Der Roll-out des E-Rezepts ist vorerst abgeblasen – ob die gesetzliche Frist zur verpflichtenden Einführung am 1. Januar gehalten werden kann, steht in den Sternen. Der Schritt kommt nicht überraschend: Von der Gematik und aus dem Bundesgesundheitsministerium (BMG) kam bisher so gut wie nichts – und das, obwohl die Gematik sonst jeden Zwischenstand bei ihren Digitalisierungsprojekten öffentlich macht. Redet man mit Beteiligten am Projekt, hört man allerdings allerorten hinter vorgehaltener Hand dasselbe: Der Testlauf sei bisher ein absoluter Flop gewesen. Dem Vernehmen nach hat kein einziges echtes E-Rezept den kompletten Zyklus von Ausstellung bis Abrechnung erfolgreich durchlaufen.

Ab Freitag sollte eigentlich das E-Rezept bundesweit ausgerollt werden. Nur einen Tag zuvor bläst die Gematik die freiwillige Einführung jedoch kurzerhand ab. Die Gründe liegen auf der Hand, öffentlich äußern will und darf sich jedoch seit drei Monaten niemand. Aus den beteiligten Kreisen hört man aber seit Wochen unisono dasselbe: Der Testlauf in der Pilotregion Berlin-Brandenburg sei „ein Desaster“ gewesen, sagt ein Verantwortungsträger aus einem Softwarehaus.

In den drei Monaten Erprobung sollen nach Informationen von APOTHEKE ADHOC zwar mehrere Dutzend E-Rezepte erstellt und verschickt worden sein – allerdings habe es sich dabei ausschließlich um Demo-Datensätze gehandelt. Es hat demnach bisher kein einziges „echtes“ E-Rezept den gesamten Zyklus von Ausstellung über Abgabe bis Abrechnung durchlaufen. „Rezepte kommen bis zur Apotheke, aber können dann noch nicht abgerechnet werden“, so ein Beteiligter.

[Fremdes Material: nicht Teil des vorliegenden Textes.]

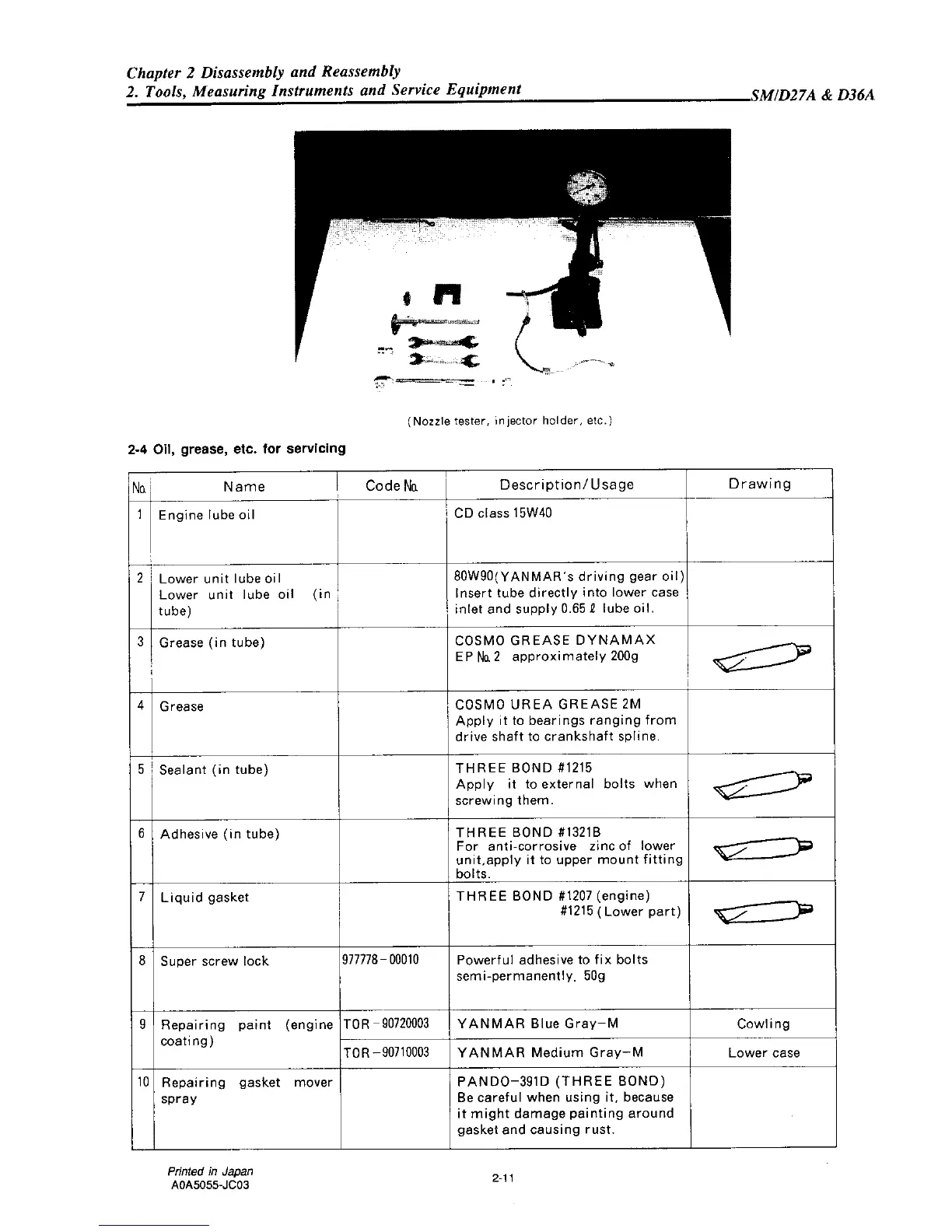 Yanmar D27 - Oil, Grease, Etc. for Servicing

„Das aktuelle Ergebnis des Pilotprojekts ist problematisch“, sagt ein anderer Manager eines Softwarehauses. Es gebe zu wenige Arztsysteme, auch bei den Krankenkassen und selbst bei den Warenwirtschaftssystemen der Apotheken gebe es noch Engpässe. Bisher sind nur Pharmatechnik und Awinta von Noventi in der Lage, E-Rezepte komplett zu verarbeiten – theoretisch zumindest. Denn auch dort soll es noch haken. Pharmatechnik plant dem Vernehmen nach schon in den kommenden Tagen ein weiteres Update. „Unterm Strich ist es so, dass für einen massentauglichen Einsatz die Testphase noch nicht reicht.“

Die Zahl der Probleme ist dem Vernehmen nach groß und reicht von Fehlern in der sogenannten Referenzumgebung der Telematikinfrastruktur über die Kompatibilität der verschiedenen Systeme bis hin zu den Schnittstellen zu den Kostenträgern. Aus dem Kreis der Softwaredienstleister für die Kostenträger heißt es ebenfalls, dass dort außer Demo-Datensätzen noch nichts angekommen sei. Ein weiteres Problem seien Lesefehler bei den ausgedruckten QR-Codes gewesen. Viele Praxisdrucker seien nicht in der Lage, die Codes lesekonform zu drucken. Ein Testlauf mit einem Nadeldrucker habe demnach zu einer Druckdauer von 50 Sekunden geführt – eindeutig zu lang für den Praxisalltag.

Ein besonderes Nadelöhr sind die Praxisverwaltungssysteme. Die Kassenärztliche Bundesvereinigung (KBV) warnt seit Monaten gebetsmühlenartig, dass viele Anbieter nicht in der Lage sein würden, bis zum 1. Januar E-Rezepte zu erstellen. Bisher sind dem Vernehmen nach nur Quincy und Turbomed dazu fähig. Hier gibt es nun ebenfalls eine Änderung: Die Arztsysteme müssen jetzt nicht nur von der Gematik zertifiziert werden, sondern auch durch einen sogenannten Konnektathon. Das hat die Gematik mit der KBV vereinbart. Erst wenn die Systeme diesen Belastungstest bestanden haben, können sie in der Praxis eingesetzt werden.

Der 1. Januar soll zwar formal immer noch als Startdatum gehalten werden – aber den Arztpraxen wird schon eine Hintertür geöffnet. Das E-Rezept wird zunächst als „Opt-In“ in der Software angelegt sein, die Ärztinnen und Ärzte können also vorerst weiter auf Papier verordnen. Zentral dabei: Die Gematik befindet sich in Gesprächen mit den Krankenkassen über eine Friedenspflicht, damit die Muster-16-Rezepte ganz normal weiter abgerechnet werden. Es wird also eine verlängerte Übergangszeit geben.